How to complete this task:
Begin at the line that has "Schoffel 20-A-24 is", stop after the line that has "Step 3: On the", and print exactly those lines from the records below, without any pictures.

Source records:
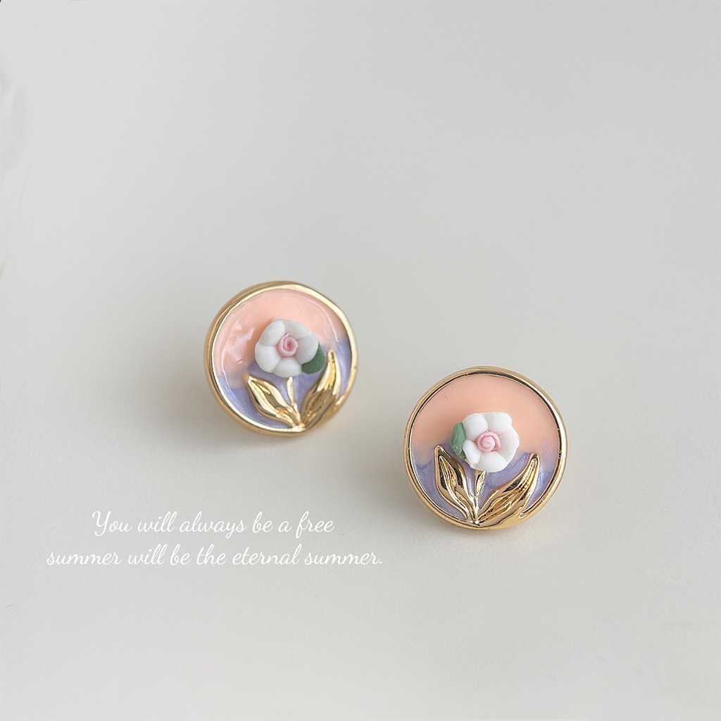 新鮮で甘い手作りオイルドリップラウンド幾何学フラワーイヤリング女性用 14K エレガントなイヤリング工場義烏ジュエリー
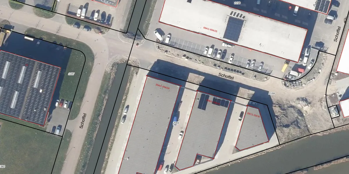 Schoffel 20-A-24 is gelegen op kadastraal perceel KGL02AB2043. Deze kadastrale aanduiding is uniek en wordt gebruikt door het Kadaster om eigendomsrechten en andere zakelijke rechten vast te leggen. Het perceel maakt onderdeel uit van de kadastrale gemeente Wester-Koggenland.
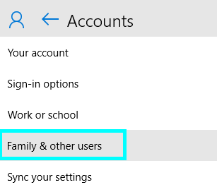 Step 3: On the left side bar you can see many options, click on Family & other Users.
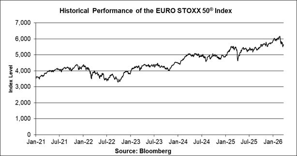 The EURO STOXX 50® Index consists of 50 component stocks of market sector leaders from within the Eurozone. The EURO STOXX 50® Index and STOXX® are the intellectual property (including registered trademarks) of STOXX Limited, Zurich, Switzerland and/or its licensors (the “Licensors”), which are used under license. The notes based on the EURO STOXX 50® Index are in no way sponsored, endorsed, sold or promoted by STOXX Limited and its Licensors and neither STOXX Limited nor any of its Licensors shall have any liability with respect thereto. For additional information about the EURO STOXX 50® Index, see the information set forth under “Equity Index Descriptions — The STOXX Benchmark Indices” on page US-75 of the accompanying underlying supplement.
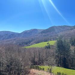 New word today: gave … a river that comes from the mountains. The walk was parallel to the gave d’Aspe. Super green, small farms, animals, and eventually, great views.
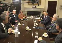121. ^ Lori Montgomery & Zachary A. Goldfarb (November 16, 2012). "Both sides appear upbeat on opening round of 'fiscal cliff' talks". The Washington Post. Retrieved December 6, 2012.
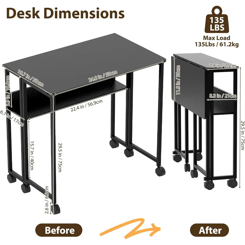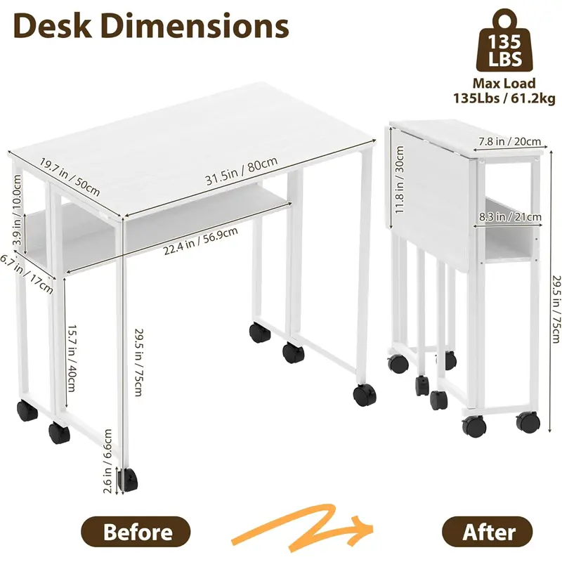 ·2-in-1 Desktop & Storage Shelf Combo:Work smarter with a built-in bottom shelf that holds books, printers, baskets, or office supplies. Even when folded, this unit doubles as a sleek side table for drinks, snacks, or a lamp. You don't just get a desk—you get a storage solution that works in any room.
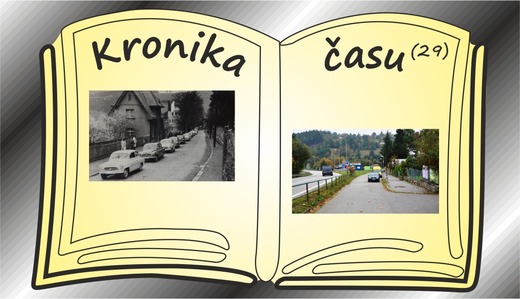 Tahle dnešní proměna je opět hodná pozornosti, co říkáte? Nejen komunikace a třeba její  povrch, ale i domy, hustá zeleň, automobily, tehdejší móda. Oba snímky dělí 50 let a za tu dobu leccos „poskočilo“ …
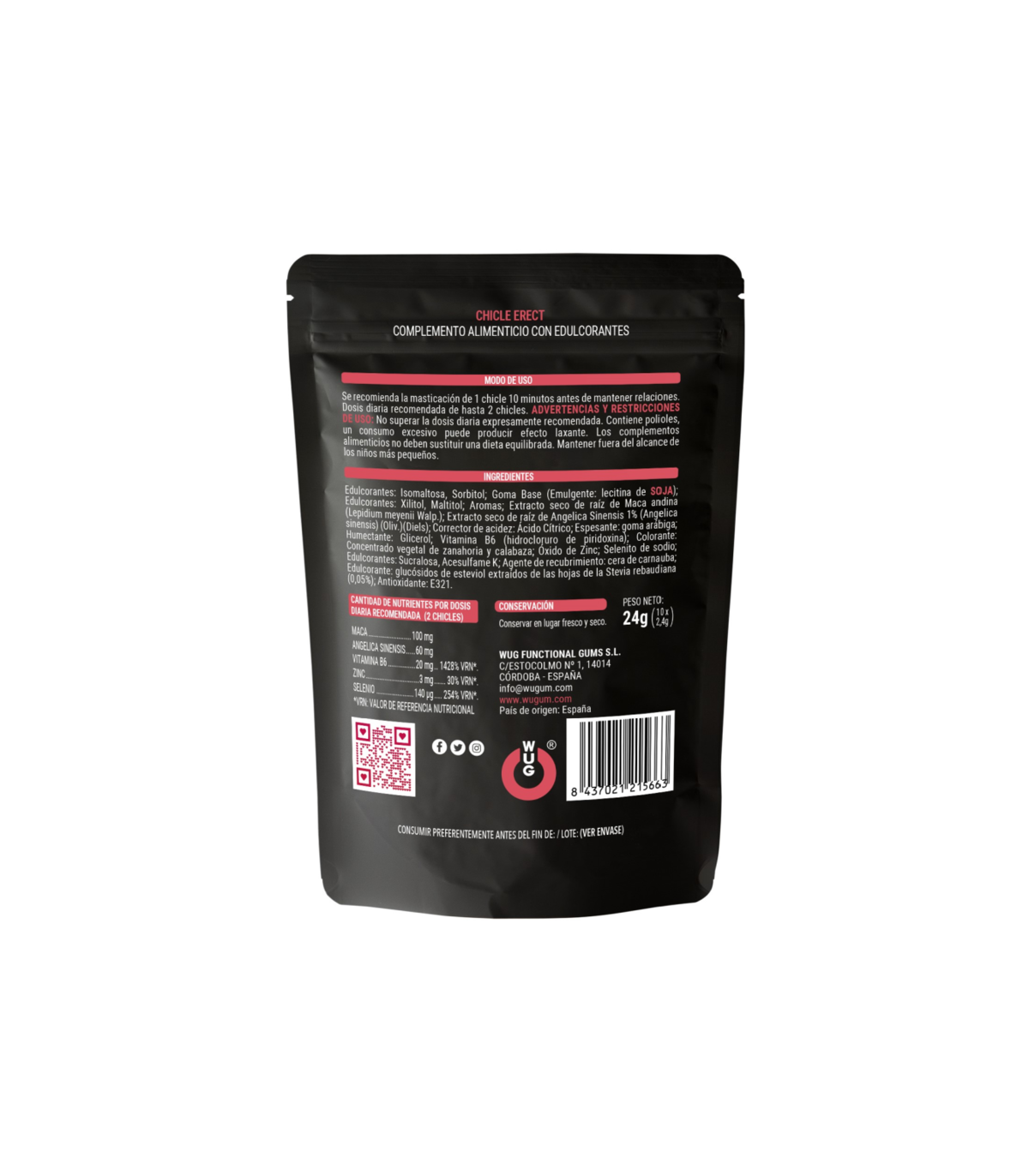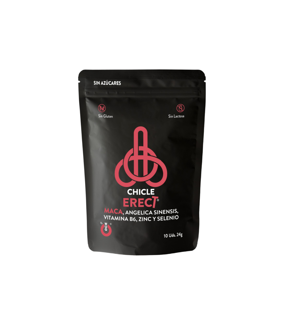 WUG ERECT es un complemento alimenticio en formato chicle funcional que combina extractos vegetales y nutrientes esenciales. Su fórmula innovadora permite una rápida liberación de los ingredientes activos a través de la mucosa bucal, sin necesidad de agua ni digestión.

Output of the task:
 Schoffel 20-A-24 is gelegen op kadastraal perceel KGL02AB2043. Deze kadastrale aanduiding is uniek en wordt gebruikt door het Kadaster om eigendomsrechten en andere zakelijke rechten vast te leggen. Het perceel maakt onderdeel uit van de kadastrale gemeente Wester-Koggenland.
 Step 3: On the left side bar you can see many options, click on Family & other Users.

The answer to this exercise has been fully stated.